+++ Entries shown
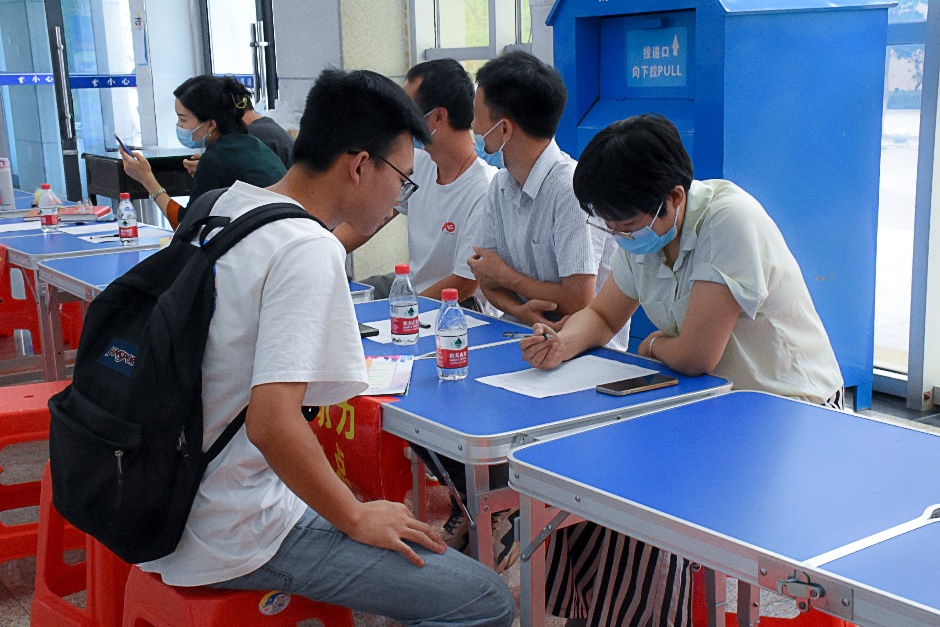 早上8点,老师和学生志愿者们早早来到新校区门口、机械楼一楼大厅、研究生公寓前,准备迎接新生。在严格执行相关疫情防控要求下,研究生工作处简化报到流程,减少人员聚集,让新生“一站式”完成报到。
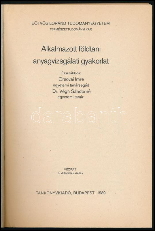 Alkalmazott földtani anyagvizsgálati gyakorlat. Összeáll.: Orsovai Imre, Végh Sándorné. Eötvös Loránd Tudományegyetem Természettudományi Kar. (Kézirat). Bp., 1989, Tankönyvkiadó, 189+(1) p. Kiadói papírkötés.
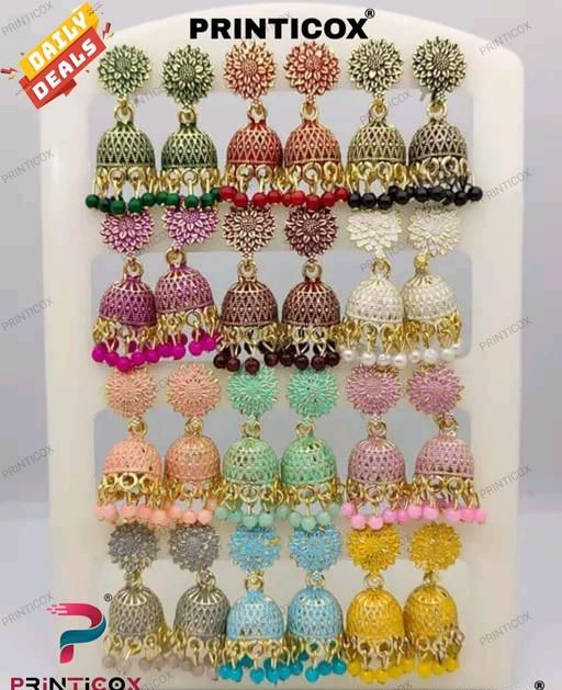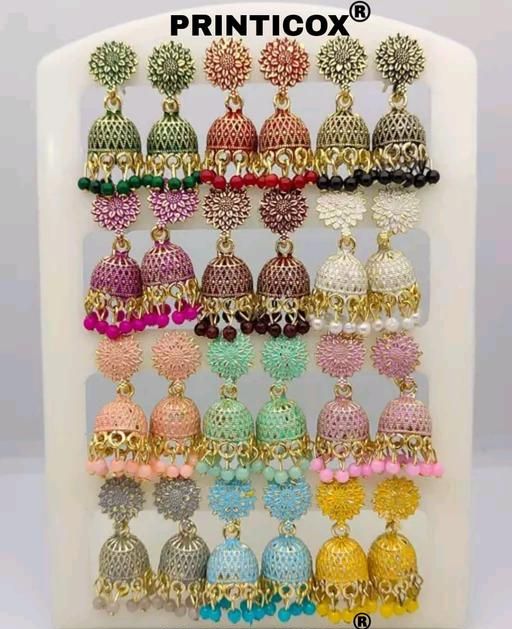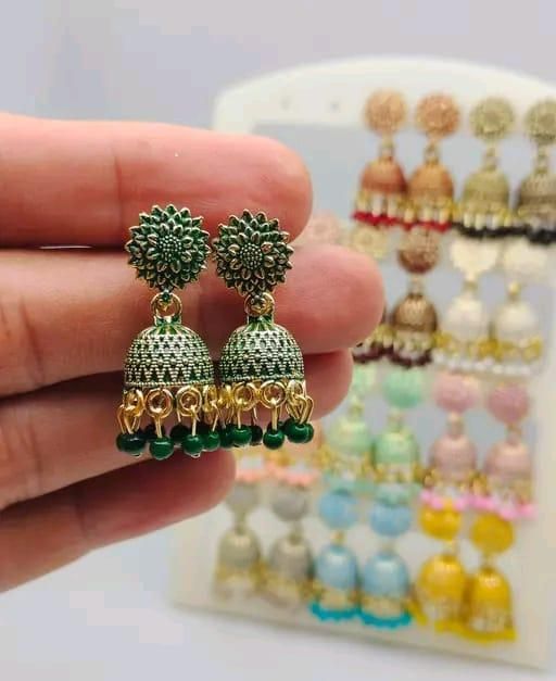Name: Earrings Jhumkhi New Fancy Oxidize Small Jhumkhi Earrings For Women& Girls (Combo Of 12 Color) In Color Green, Red, Black, Pink, Maroon, White, Peach, Pista, Baby Pink, Grey, Aqua, Yellow
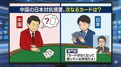 【速報】中国の日本対抗措置、次なるカードは?専門家「カードがなくなって困っている状況だよもうwww」
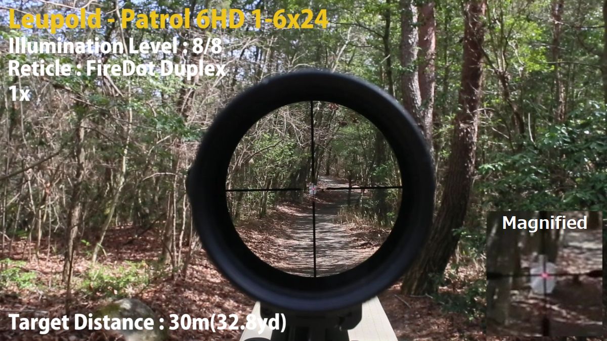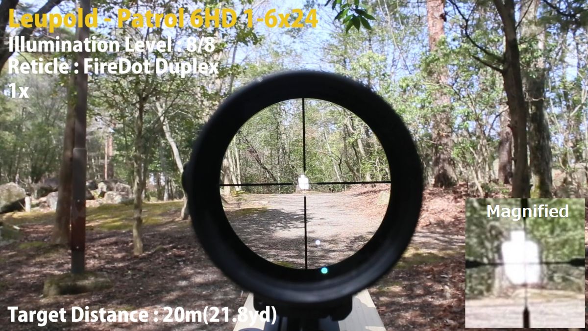 ●このPatrol 6HDの持ち主は猟銃(レミントン – M870)に載せる目的で購入した。元々はブッシュネル社の3-9倍スコープ(製品名不明)を使っていたが、50m以下の射撃しか行わず、素早い照準もできないと言うことでダットサイト(Aimpoint T1)に変更。だがそれだと少し距離が出た際の詳細がわからないということで素早い照準と遠くも見れるLPVOという判断でPatrol 6HDを購入したとのこと。
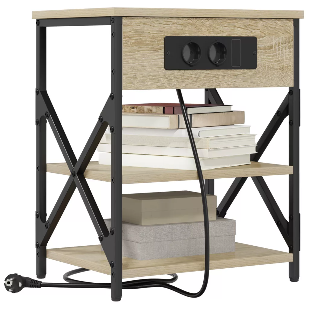 Éjjeliszekrény Töltőállomással polcokkal tárolóval sonoma tölgy Faanyag
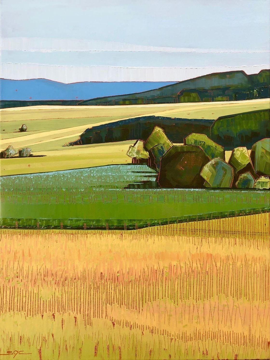 Sarah Gayle Carter, o el énfasis en el primer plano. He encontrado esta pintora en la red, y me ha parecido característico de ella el énfasis por el primer plano, muchas veces poco valorado entre los paisajistas. Observo que en algunos de sus cuadros los "objetos" (árboles, sotos), que dan escala y que sirven de contraste a la cierta abstracción de los demás, se sitúan en el tercio central:
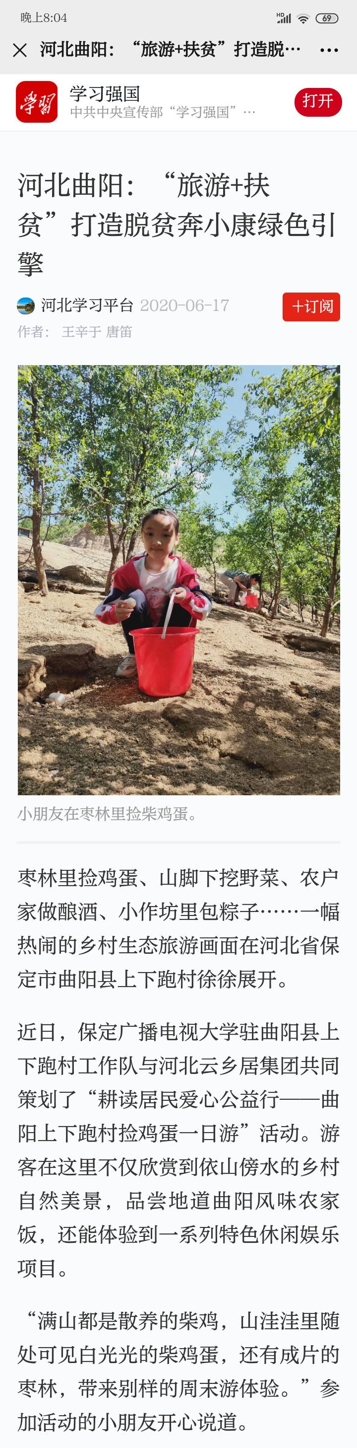 近日,“學習強國”報道保定電大駐村工作隊“旅游+扶貧”活動。保定電大駐曲陽縣上下跑村工作隊與河北云鄉居集團共同策劃了“耕讀居民愛心公益行——曲陽上下跑村撿雞蛋一日游”活動。游客在這里不僅欣賞到依山傍水的鄉村自然美景,品嘗地道曲陽風味農家飯,還能體驗到一系列特色休閑娛樂項目。
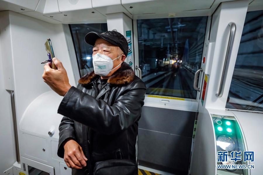 12月18日,在成都轨道交通9号线无人驾驶列车的“开放式”驾驶室,一名老者在自拍乘坐新地铁的情景。
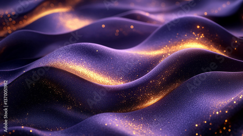 Purple and gold abstract waves with sparkling highlights.
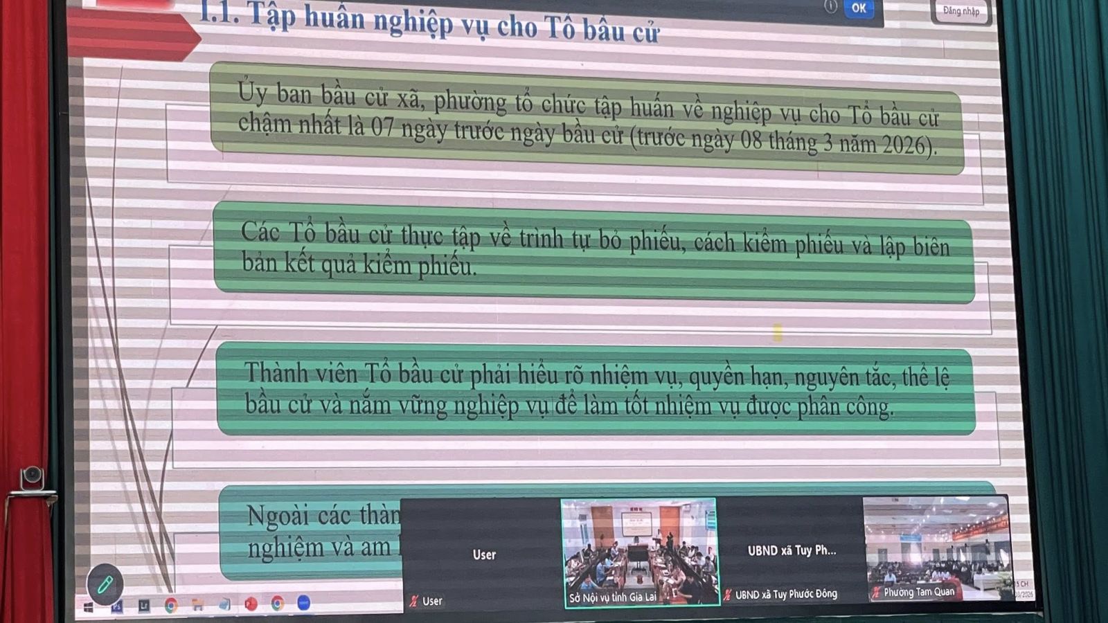 Thông qua hội nghị, đội ngũ làm công tác bầu cử được củng cố kiến thức, nâng cao kỹ năng, sẵn sàng thực hiện nhiệm vụ, góp phần tổ chức cuộc bầu cử dân chủ, đúng luật, an toàn và thành công tốt đẹp.
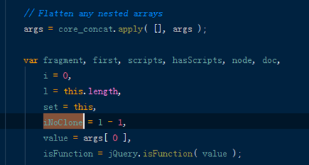 iNoClone = l - 1, 是否为克隆节点,根据后面的大意,如果当前的jQuery对象是一个合集对象花
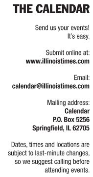 Broadway and Chocolate Aug 28-29, 8pm Fri-Sat. Theatre in the Park fundraiser concert. $8-13. theatreinthepark.net. Theatre in the Park, Lincoln’s New Salem State Historic Site, 15588 History Lane, Petersburg, 632- 5440. Distant Memories Aug 25, 5:30-6:30pm Tue. Every Tuesday, June-Aug, a historical reenactor describes Springfi eld’s reaction to Lincoln’s assassination and his funeral. Free. lincolntomb.org. 217-782-2717. Lincoln’s Tomb State Historic Site, 1500 Monument Ave., 782-2717.
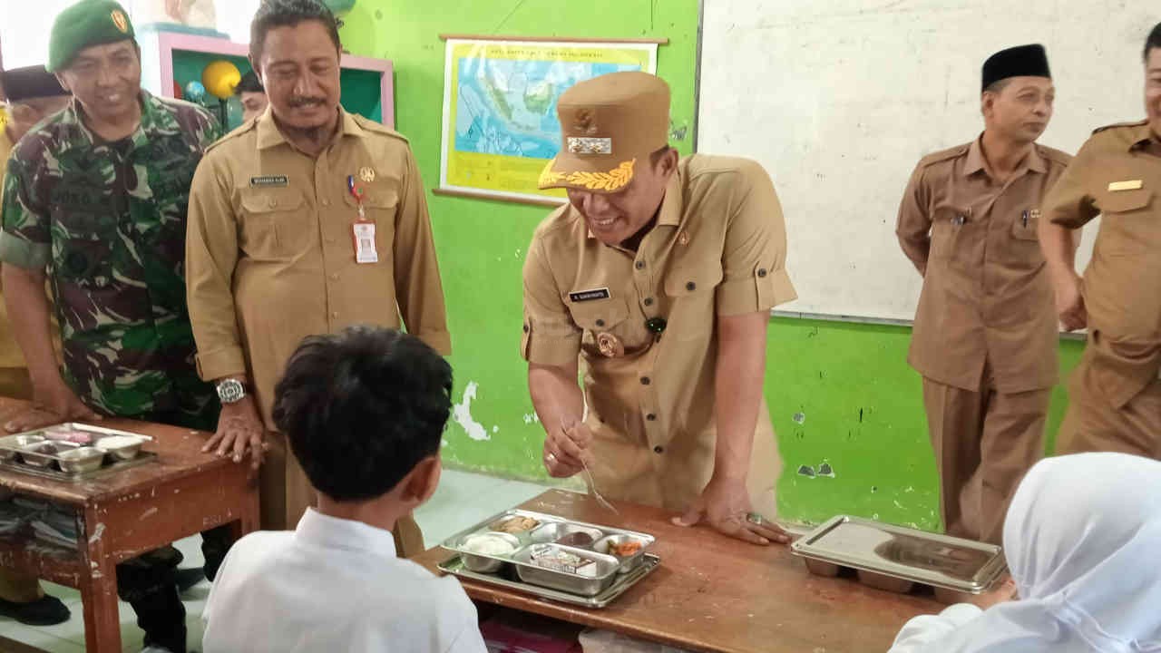 Usai meninjau kesiapan dapur MBG di Kelurahan Jungcangcang, Wakil Bupati Pamekasan langsung bertolak ke Sekolah Dasar Negeri (SDN) Laden 1 untuk meninjau langsung proses pendistribusian MBG ke siswa SD.
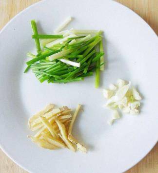 5.西紅柿洗幹凈,切小塊,薑片切絲,蒜切小塊,蔥切成蔥花。
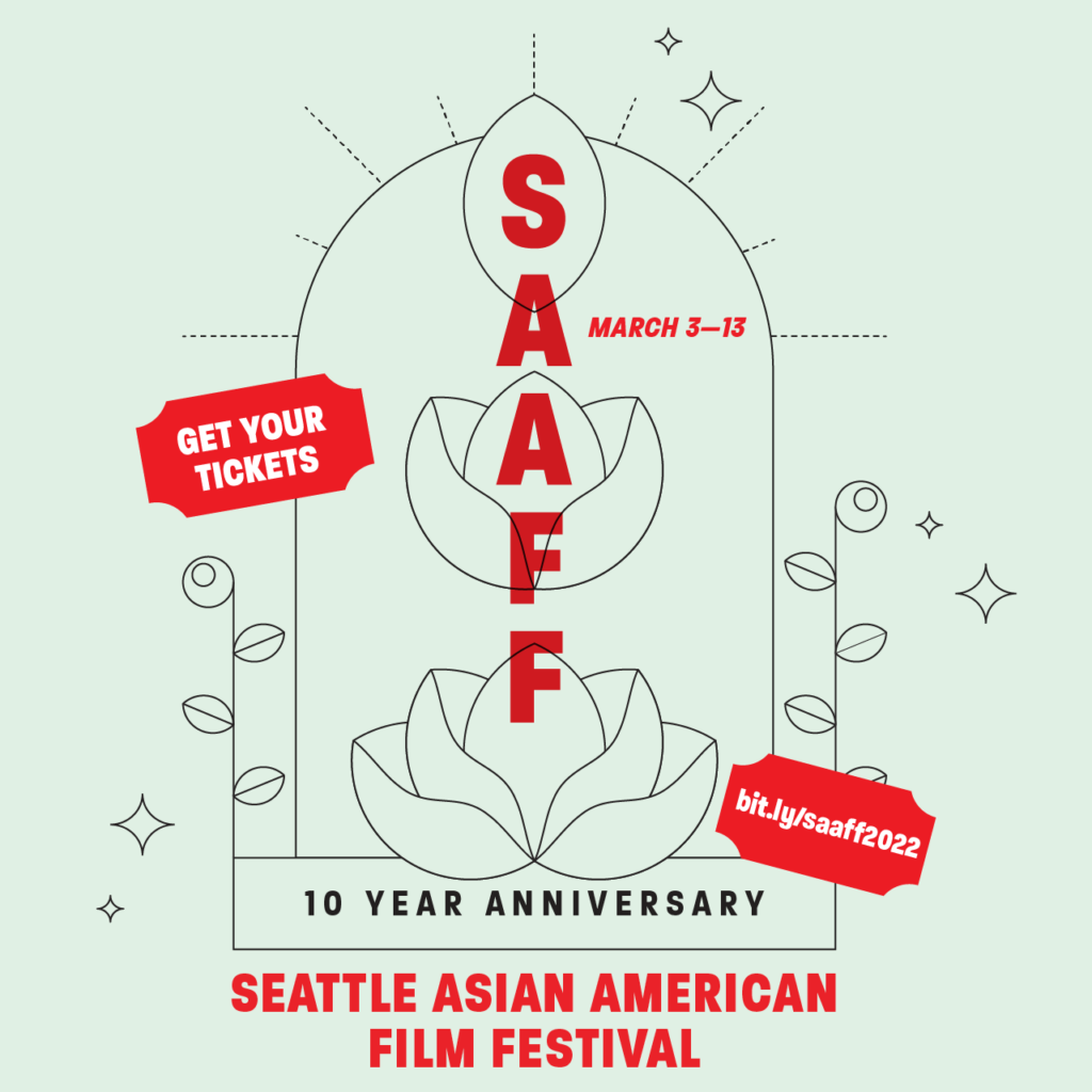 The Seattle Asian American Film Festival (SAAFF) proudly celebrates ten years of sharing Asian American independent films with the Pacific Northwest with its 10th annual film festival March 3–13, 2022. This year’s 11-day festival will offer 13 outstanding feature-length films and 12 exciting shorts programs, including 2 free programs.Due to continued pandemic precautions, there will be 5 limited in-person events, including 4 drive-in screenings andone special presentation screening at Northwest Film Forum (NWFF).
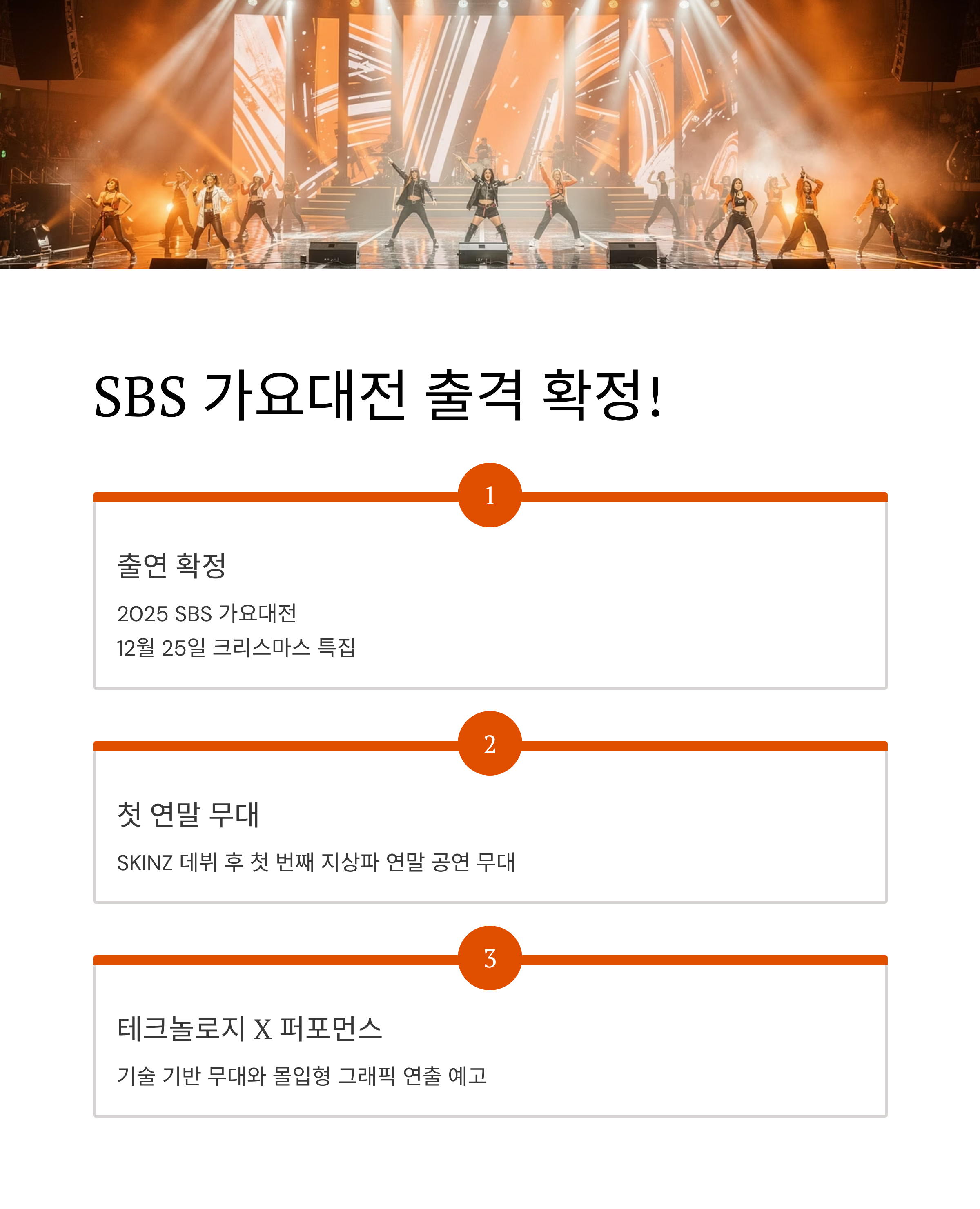 | 2025 SBS 가요대전 | 12월 25일 | SKINZ 데뷔 후 첫 연말 무대 출연 |
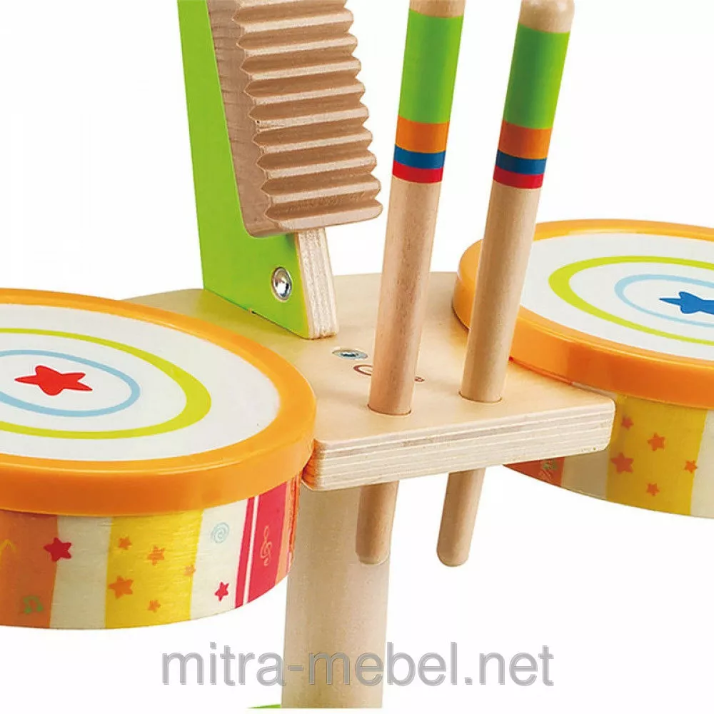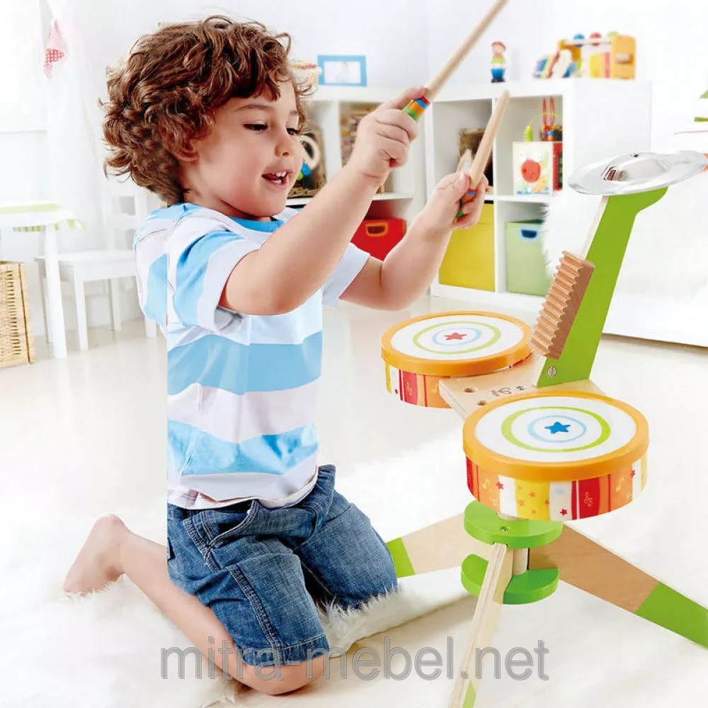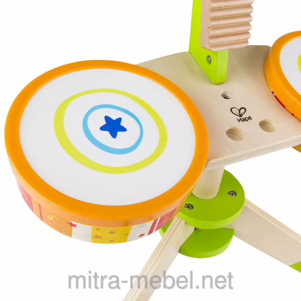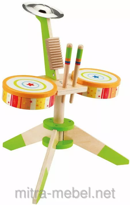 Устойчивая установка на треноге предлагает поиграть на барабанах,
++++++
§ What you need to do:
Go to the line above that has "12月18日,在成都轨道交通" and copy exactly from there down to the line that has "첫 연말 무대 출연 |", both included. Leave the pictures out.

§ Finished task:
 12月18日,在成都轨道交通9号线无人驾驶列车的“开放式”驾驶室,一名老者在自拍乘坐新地铁的情景。
 Purple and gold abstract waves with sparkling highlights.
 Thông qua hội nghị, đội ngũ làm công tác bầu cử được củng cố kiến thức, nâng cao kỹ năng, sẵn sàng thực hiện nhiệm vụ, góp phần tổ chức cuộc bầu cử dân chủ, đúng luật, an toàn và thành công tốt đẹp.
 iNoClone = l - 1, 是否为克隆节点,根据后面的大意,如果当前的jQuery对象是一个合集对象花
 Broadway and Chocolate Aug 28-29, 8pm Fri-Sat. Theatre in the Park fundraiser concert. $8-13. theatreinthepark.net. Theatre in the Park, Lincoln’s New Salem State Historic Site, 15588 History Lane, Petersburg, 632- 5440. Distant Memories Aug 25, 5:30-6:30pm Tue. Every Tuesday, June-Aug, a historical reenactor describes Springfi eld’s reaction to Lincoln’s assassination and his funeral. Free. lincolntomb.org. 217-782-2717. Lincoln’s Tomb State Historic Site, 1500 Monument Ave., 782-2717.
 Usai meninjau kesiapan dapur MBG di Kelurahan Jungcangcang, Wakil Bupati Pamekasan langsung bertolak ke Sekolah Dasar Negeri (SDN) Laden 1 untuk meninjau langsung proses pendistribusian MBG ke siswa SD.
 5.西紅柿洗幹凈,切小塊,薑片切絲,蒜切小塊,蔥切成蔥花。
 The Seattle Asian American Film Festival (SAAFF) proudly celebrates ten years of sharing Asian American independent films with the Pacific Northwest with its 10th annual film festival March 3–13, 2022. This year’s 11-day festival will offer 13 outstanding feature-length films and 12 exciting shorts programs, including 2 free programs.Due to continued pandemic precautions, there will be 5 limited in-person events, including 4 drive-in screenings andone special presentation screening at Northwest Film Forum (NWFF).
 | 2025 SBS 가요대전 | 12월 25일 | SKINZ 데뷔 후 첫 연말 무대 출연 |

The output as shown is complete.